肿瘤微环境主要由肿瘤细胞、上皮细胞、间质细胞、免疫细胞、成纤维细胞、微血管、细胞因子及细胞外基质等共同组成,近年来的研究显示肿瘤微环境对肿瘤的发生、发展、转移具有重要的调控作用[1]。癌相关成纤维细胞(carcinoma-associate fibroblasts,CAFs)是肿瘤微环境中主要的基质细胞,它在表型和功能上都明显区别于正常的成纤维细胞,对肿瘤发生发展、血管形成、浸润转移、免疫抑制等有重要作用[2]。新近研究表明,CAFs的糖代谢方式亦发生了改变:肿瘤细胞的快速增殖是以大量的物质和能量代谢为基础,为了适应肿瘤细胞不受调控的快速生长及侵袭转移,CAFs细胞不再进行传统单纯的三羧酸循环,以维护自身的生长需求,而是以糖酵解的方式产生大量的乳酸(lactic acid,LD),供给肿瘤细胞进行代谢,肿瘤细胞相当于“寄生虫”[3]。

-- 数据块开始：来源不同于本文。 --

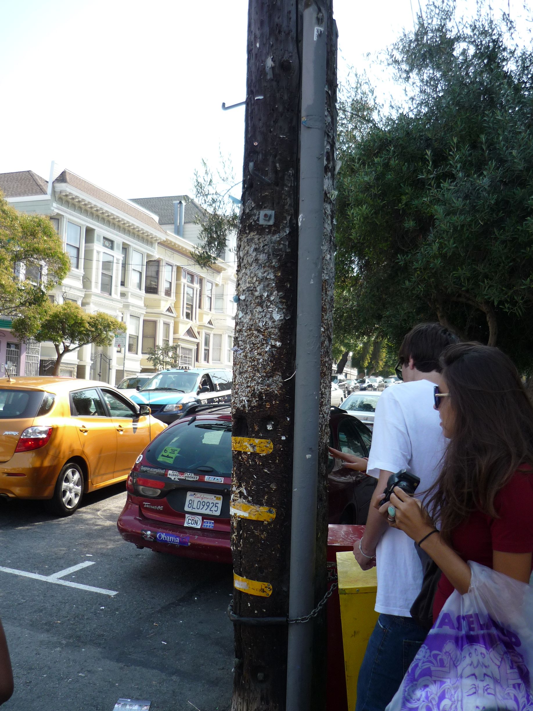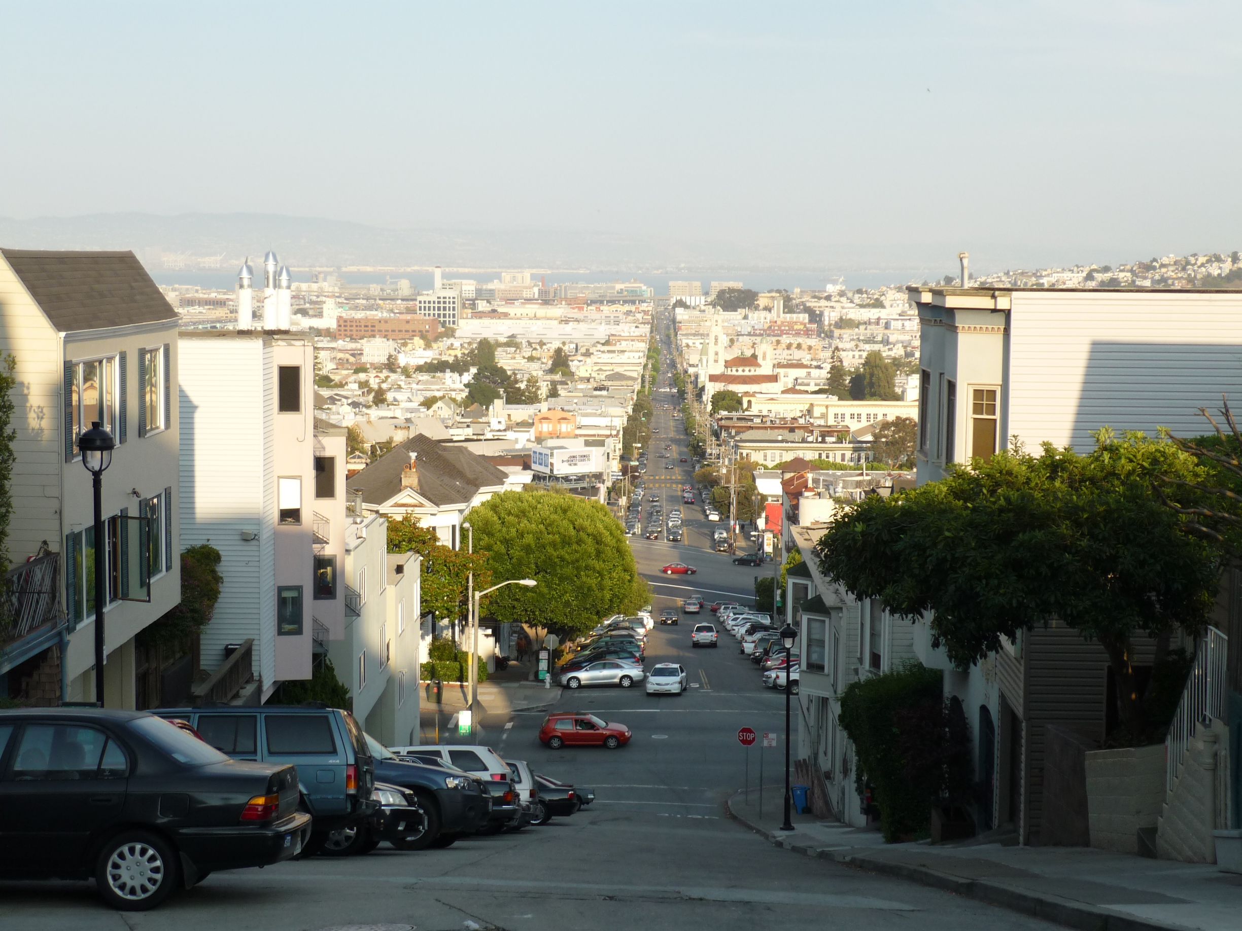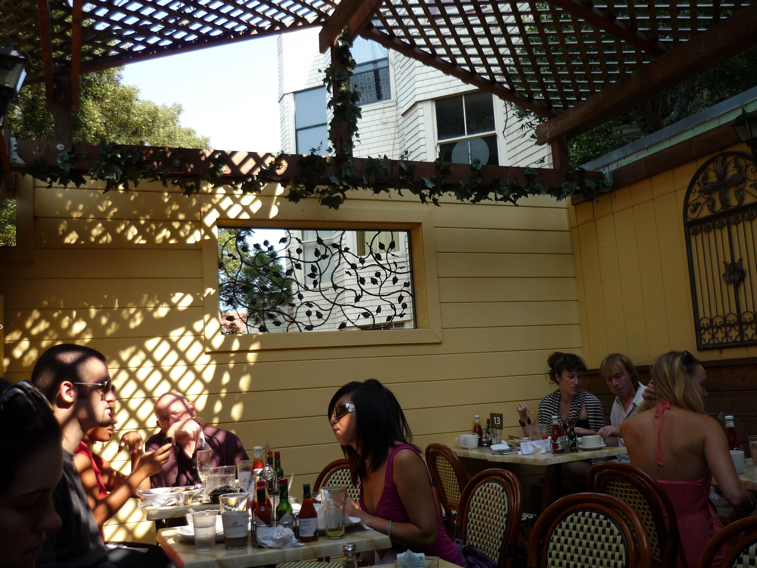 Je décide donc d’aller vers Haight Street, c’est de toute façon là bas que je désirais aller pour acheter mon fameux messenger bag… J’y trouve un café très sympa, avec une salle ouverte au fond qui permet d’éviter la chaleur qui règne dans la pièce principale… Je commande des pancakes et du café. L’attente est un peu longue, mais c’est vraiment bon. Trois gros pancakes, avec du sirop d’érable, c’est pas facile à terminer, et la fin est presque dure à avaler, mais je ne vais pas tout de suite remanger donc…

目前,针对CAFs糖代谢主要集中于乳腺癌、前列腺癌,其他肿瘤则研究相对较少,对口腔鳞癌CAFs糖代谢的相关研究就更少。本研究通过比较CAFs和NFs细胞线粒体的形态、膜电位、ATP浓度、葡萄糖(glucose,GLU)摄取、LD分泌情况,初步探讨口腔鳞癌相关成纤维细胞的糖代谢方式,为进一步研究口腔鳞癌-CAFs细胞代谢网络奠定基础, 为肿瘤治疗提供一个新思路。
1 材料与方法 1.1 主要材料与仪器H-DMEM培养基、胎牛血清、双抗(青链霉素)(HyClone公司,美国);鼠抗人细胞角蛋白(cytokeratin,CK)单抗、兔抗人波形蛋白(vimentin,VIM)单抗、鼠抗人α-平滑肌肌动蛋白(α-smooth muscle actin,α-SMA)单抗(北京中杉金桥生物技术有限公司)、0.2%詹纳斯绿B染色液(北京雷根生物技术有限公司)、四氯四乙基苯并咪唑基羰花青碘化物(JC-1)试剂盒(南京建成生物技术有限公司)、BCA蛋白定量试剂盒(北京百泰克公司)、ATP测定试剂盒(南京建成生物技术有限公司)、葡萄糖测试盒(南京建成生物技术有限公司)、乳酸测定试剂盒(南京建成生物技术有限公司)、倒置荧光显微镜(Olympus,日本)、酶标仪(Tecan sunrise,奥地利)。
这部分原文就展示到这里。